THE TASK =>
Retype the entries below word for word, leaving out every picture.

Segment Start: EXERCISE INPUT

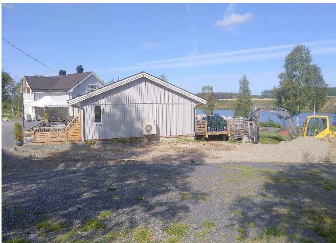
Den 23. august 2017 startet utgravinga av tomta....
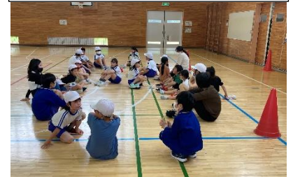
活動の後は、みんなで振り返り
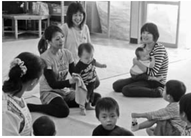
— きたがた幼稚園 —

各地域に出前保育に出かけ、未就園児親子の皆さんを対象に遊びと相談の場を設けています。ご利用ください。(時間：9時30分～11時30分)
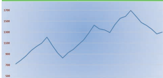
PERFIL DE LA RUTA DEL PRIMER DIA

Ara ens sorprèn una fageda increïble al vessant nord de la serra. El color verd brillant de les fulles dóna una llum diferent, les branques ens obliguen a ajupir-nos sobre les selles, el terra del camí d'argila vermella i fangós ens fa pensar en la possibilitat de perdre una ferradura, doncs ens enfonsem en els tolls fins quasi a
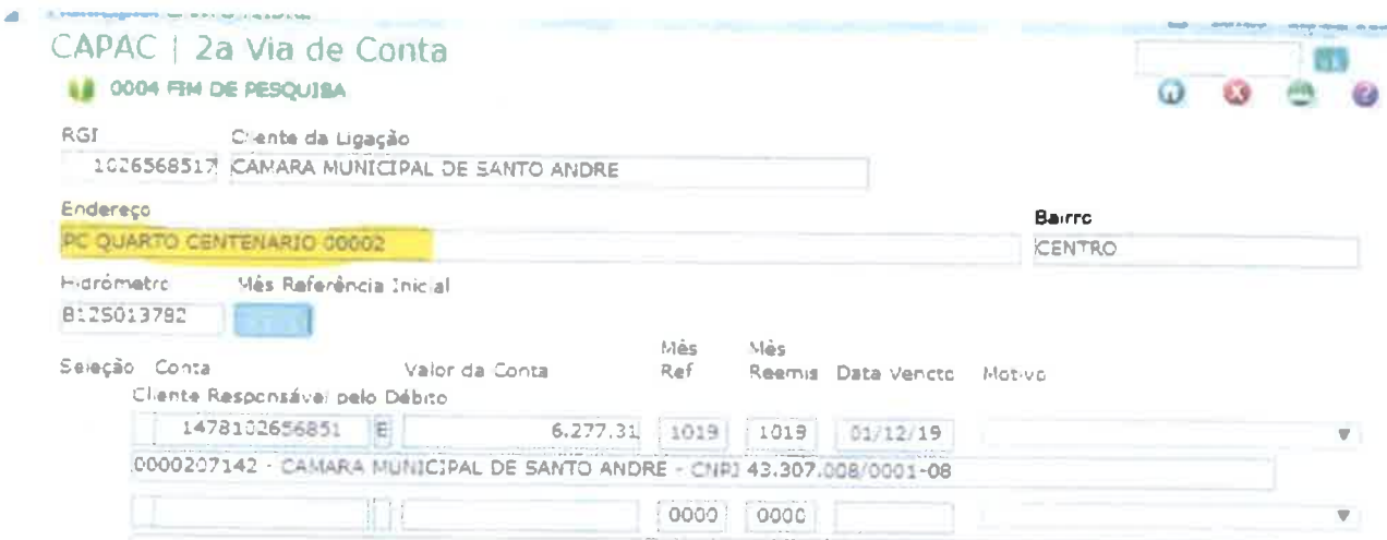
Imagem 3 – Sistema comercial/ protocolo de troca de hidrometro
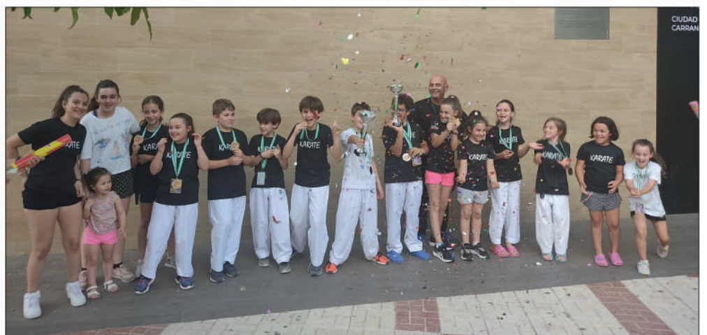
Deportistas del Shotokan Villoslada tras el campeonato

Por la tarde, tuvo lugar el Trofeo de Andalucía de equipos , en el cual los dos equipos mixtos presentados por el club se hicieron con
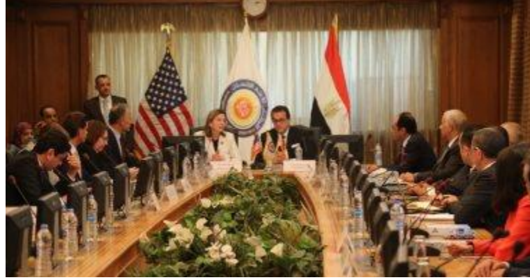
كتب محمد صبحى

استقبل الدكتور خالد عبد الغفار وزير التعليم العالى والبحث العلمى مساء اليوم الثلاثاء مارى رويس مساعد وزير الخارجية الأمريكية للشئون التعليمية والثقافية، وجوناثان كوهين السفير الأمريكى بالقاهرة والوفد المرافق لهما، وذلك بمقر المجلس الأعلى للجامعات.
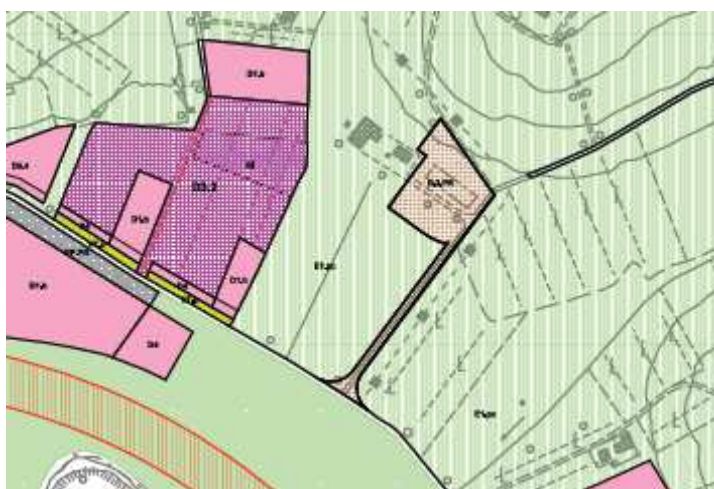
Estratto R.U. Tav. PR5

Con l'attuazione dell'intervento sopra descritto si dovrà inoltre provvedere alla realizzazione dell'allargamento della strada pubblica (Via Avanella - Scafati) secondo quanto indicato negli elaborati del R.U.. La realizzazione degli ampliamenti sopra descritti è subordinata alla presentazione di specifico Progetto Unitario Convenzionato (PUC), completo dei nulla osta degli enti gestori dei servizi e stipula di convenzione con l'Amministrazione a garanzia della realizzazione delle opere di urbanizzazione primaria.
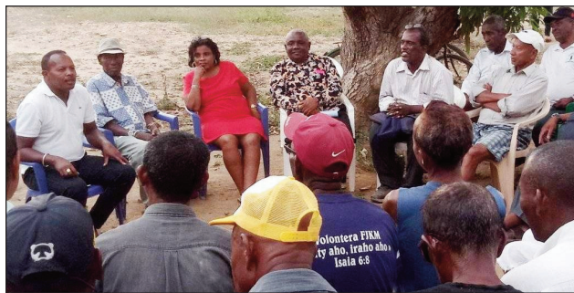
Ny fikaonana'ireo mpitarika ny RMDM, tany amin'ny renivohitry ny faritra Atsimo Andrefana.
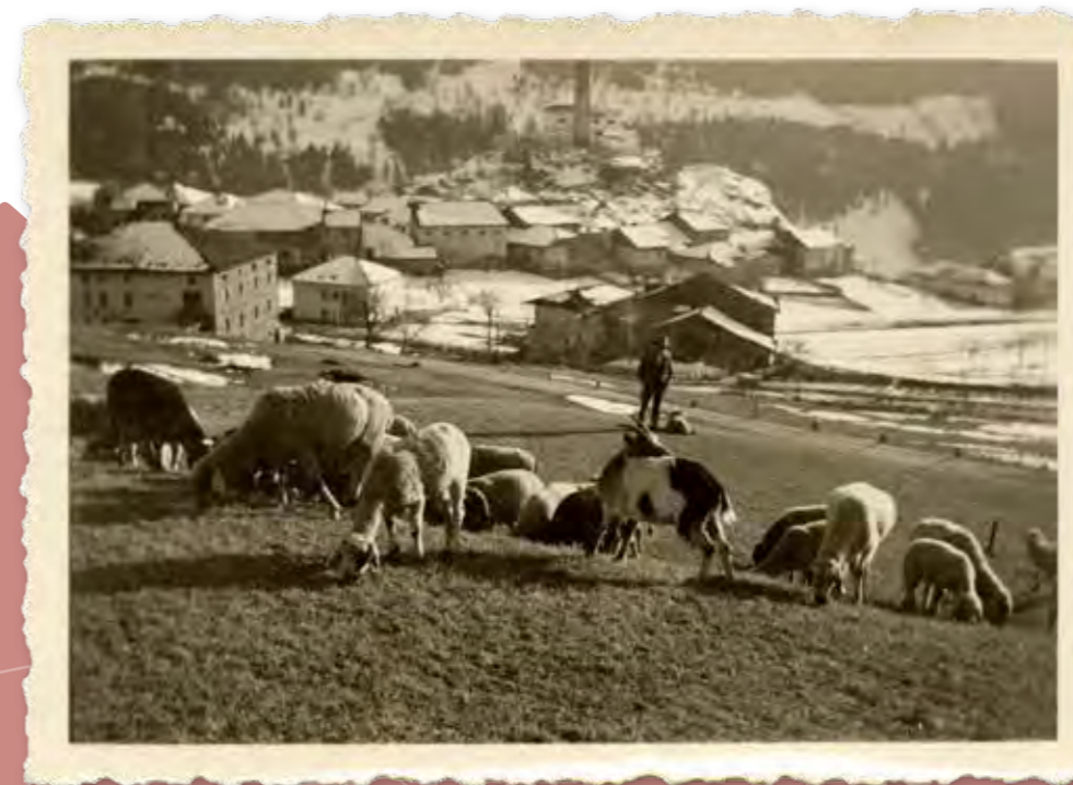
Bestiame minuto al pascolo sui prati di Castello di Fiemme, probabili anni Trenta

L'intenzione dello scrivente sarebbe quella di approfondire la tematica e di stendere un profilo di questa storia della "transumanza primaverile" delle pecore di Fiemme sulle paludi dell'Adige, con dei dati maggiormente circostanziati in merito a questa secolare attività praticata dai pastori di Fiemme. ▲
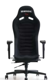
ZODIA ソディア ¥120,600(税別)
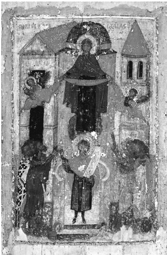
Fig. 3. Icoana Acoperământul Maicii Domnului, Suzdal, 1360, mănăstirea Acoperământul Maicii Domnului.

se păstrează în prezent în Galeria „Tretiakov” (Государственная 1995, 121). Trebuie să menționăm că în acest model lăcașul zugrăvit amintește de biserica Vlahernelor cu acoperișul în două panțe și cupolă rotundă. Acest tip se va repeta și pe icoanele din sec. al XV-lea din același lăcaș. În cel de-al doilea tip, supranumit de Novgorod, Acoperământul Fecioarei este susținut de îngeri, ea fiind redată, în acest caz, în interiorul bisericii, deasupra ușilor împărătești, această icoană provenind din mănăstirea Zverin, din Novgorod și datează din anul 1399 (fig. 4). Arhitectura din icoană prezintă o biserică cu naosul trilobat și cu cinci turle în formă de cupole. Ambele versiuni au și caracteristici comune: pe ele, în partea de jos, fiind reprezentat Sf. Andrei cel Nebun într-o Hristos, cu discipolul său Epifanie.
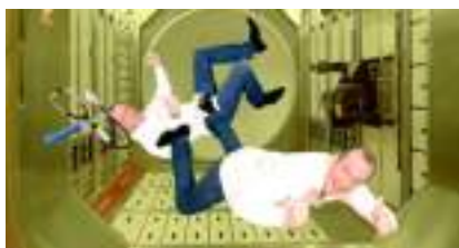
STUDIO PHOTO SCIENCE FICTION FX EFFETS SPECIAUX

Source URL: https://www.monicamedias.com/studio-photo-cinema-stars-festival-hollywood.html
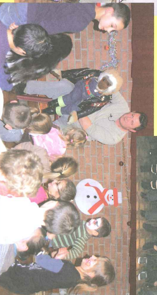
Saint-Nicolas des nourrissons.
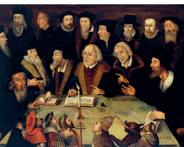
Luther dans le cercle des Réformateurs. Anonyme. Huile sur bois. Vers 1625 - 1650. Berlin, Deutsches Historisches Museum.
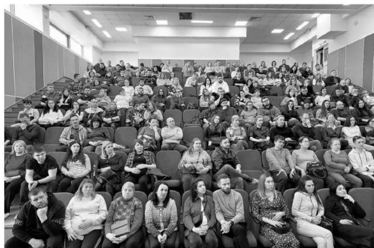
День открытых дверей в Перинатальном центре

В Ленобласти каждая женщина может подготовиться к беременности. Для этого нужно прийти на консультацию к акушеру-гинекологу, он назначит все необходимые исследования, в том числе анализы, позволяющие оценить гормональный статус пациентки. Можно, например, оценить биологический возраст репродуктивной системы женщины, сдать кровь на фолликулостимулирующий гормон (ФСГ) — известный показатель состояния яичников. Важны в этом вопросе и другие маркеры — уровень лютеини-
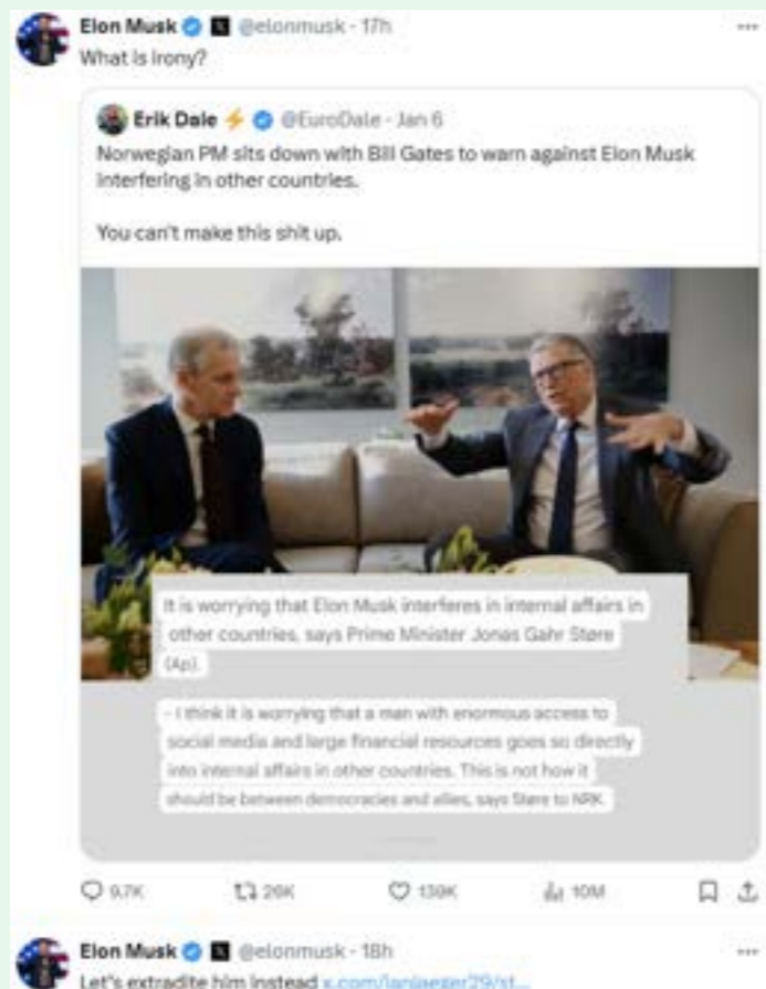
Skjerm bilde fra X januar 2025

Desinformasjon er en stor utfordring. I løpet av sekunder kan usann eller villedende informasjon spres til millioner og skape motsetninger og uro. Slik informasjon har ofte til hensikt å villede, og kan få betente politiske uenigheter ut av kontroll.
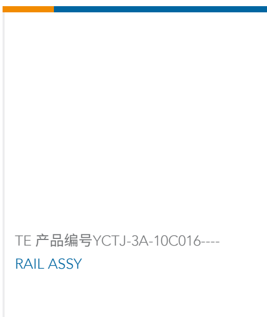
TE 产品编号YCTJ-3A-10C016 RAIL ASSY

Segment End: EXERCISE INPUT

RESPONSE TO THIS EXERCISE =>
Den 23. august 2017 startet utgravinga av tomta....
活動の後は、みんなで振り返り
— きたがた幼稚園 —

各地域に出前保育に出かけ、未就園児親子の皆さんを対象に遊びと相談の場を設けています。ご利用ください。(時間：9時30分～11時30分)
PERFIL DE LA RUTA DEL PRIMER DIA

Ara ens sorprèn una fageda increïble al vessant nord de la serra. El color verd brillant de les fulles dóna una llum diferent, les branques ens obliguen a ajupir-nos sobre les selles, el terra del camí d'argila vermella i fangós ens fa pensar en la possibilitat de perdre una ferradura, doncs ens enfonsem en els tolls fins quasi a
Imagem 3 – Sistema comercial/ protocolo de troca de hidrometro
Deportistas del Shotokan Villoslada tras el campeonato

Por la tarde, tuvo lugar el Trofeo de Andalucía de equipos , en el cual los dos equipos mixtos presentados por el club se hicieron con
كتب محمد صبحى

استقبل الدكتور خالد عبد الغفار وزير التعليم العالى والبحث العلمى مساء اليوم الثلاثاء مارى رويس مساعد وزير الخارجية الأمريكية للشئون التعليمية والثقافية، وجوناثان كوهين السفير الأمريكى بالقاهرة والوفد المرافق لهما، وذلك بمقر المجلس الأعلى للجامعات.
Estratto R.U. Tav. PR5

Con l'attuazione dell'intervento sopra descritto si dovrà inoltre provvedere alla realizzazione dell'allargamento della strada pubblica (Via Avanella - Scafati) secondo quanto indicato negli elaborati del R.U.. La realizzazione degli ampliamenti sopra descritti è subordinata alla presentazione di specifico Progetto Unitario Convenzionato (PUC), completo dei nulla osta degli enti gestori dei servizi e stipula di convenzione con l'Amministrazione a garanzia della realizzazione delle opere di urbanizzazione primaria.
Ny fikaonana'ireo mpitarika ny RMDM, tany amin'ny renivohitry ny faritra Atsimo Andrefana.
Bestiame minuto al pascolo sui prati di Castello di Fiemme, probabili anni Trenta

L'intenzione dello scrivente sarebbe quella di approfondire la tematica e di stendere un profilo di questa storia della "transumanza primaverile" delle pecore di Fiemme sulle paludi dell'Adige, con dei dati maggiormente circostanziati in merito a questa secolare attività praticata dai pastori di Fiemme. ▲
ZODIA ソディア ¥120,600(税別)
Fig. 3. Icoana Acoperământul Maicii Domnului, Suzdal, 1360, mănăstirea Acoperământul Maicii Domnului.

se păstrează în prezent în Galeria „Tretiakov” (Государственная 1995, 121). Trebuie să menționăm că în acest model lăcașul zugrăvit amintește de biserica Vlahernelor cu acoperișul în două panțe și cupolă rotundă. Acest tip se va repeta și pe icoanele din sec. al XV-lea din același lăcaș. În cel de-al doilea tip, supranumit de Novgorod, Acoperământul Fecioarei este susținut de îngeri, ea fiind redată, în acest caz, în interiorul bisericii, deasupra ușilor împărătești, această icoană provenind din mănăstirea Zverin, din Novgorod și datează din anul 1399 (fig. 4). Arhitectura din icoană prezintă o biserică cu naosul trilobat și cu cinci turle în formă de cupole. Ambele versiuni au și caracteristici comune: pe ele, în partea de jos, fiind reprezentat Sf. Andrei cel Nebun într-o Hristos, cu discipolul său Epifanie.
STUDIO PHOTO SCIENCE FICTION FX EFFETS SPECIAUX

Source URL: https://www.monicamedias.com/studio-photo-cinema-stars-festival-hollywood.html
Saint-Nicolas des nourrissons.
Luther dans le cercle des Réformateurs. Anonyme. Huile sur bois. Vers 1625 - 1650. Berlin, Deutsches Historisches Museum.
День открытых дверей в Перинатальном центре

В Ленобласти каждая женщина может подготовиться к беременности. Для этого нужно прийти на консультацию к акушеру-гинекологу, он назначит все необходимые исследования, в том числе анализы, позволяющие оценить гормональный статус пациентки. Можно, например, оценить биологический возраст репродуктивной системы женщины, сдать кровь на фолликулостимулирующий гормон (ФСГ) — известный показатель состояния яичников. Важны в этом вопросе и другие маркеры — уровень лютеини-
Skjerm bilde fra X januar 2025

Desinformasjon er en stor utfordring. I løpet av sekunder kan usann eller villedende informasjon spres til millioner og skape motsetninger og uro. Slik informasjon har ofte til hensikt å villede, og kan få betente politiske uenigheter ut av kontroll.
TE 产品编号YCTJ-3A-10C016 RAIL ASSY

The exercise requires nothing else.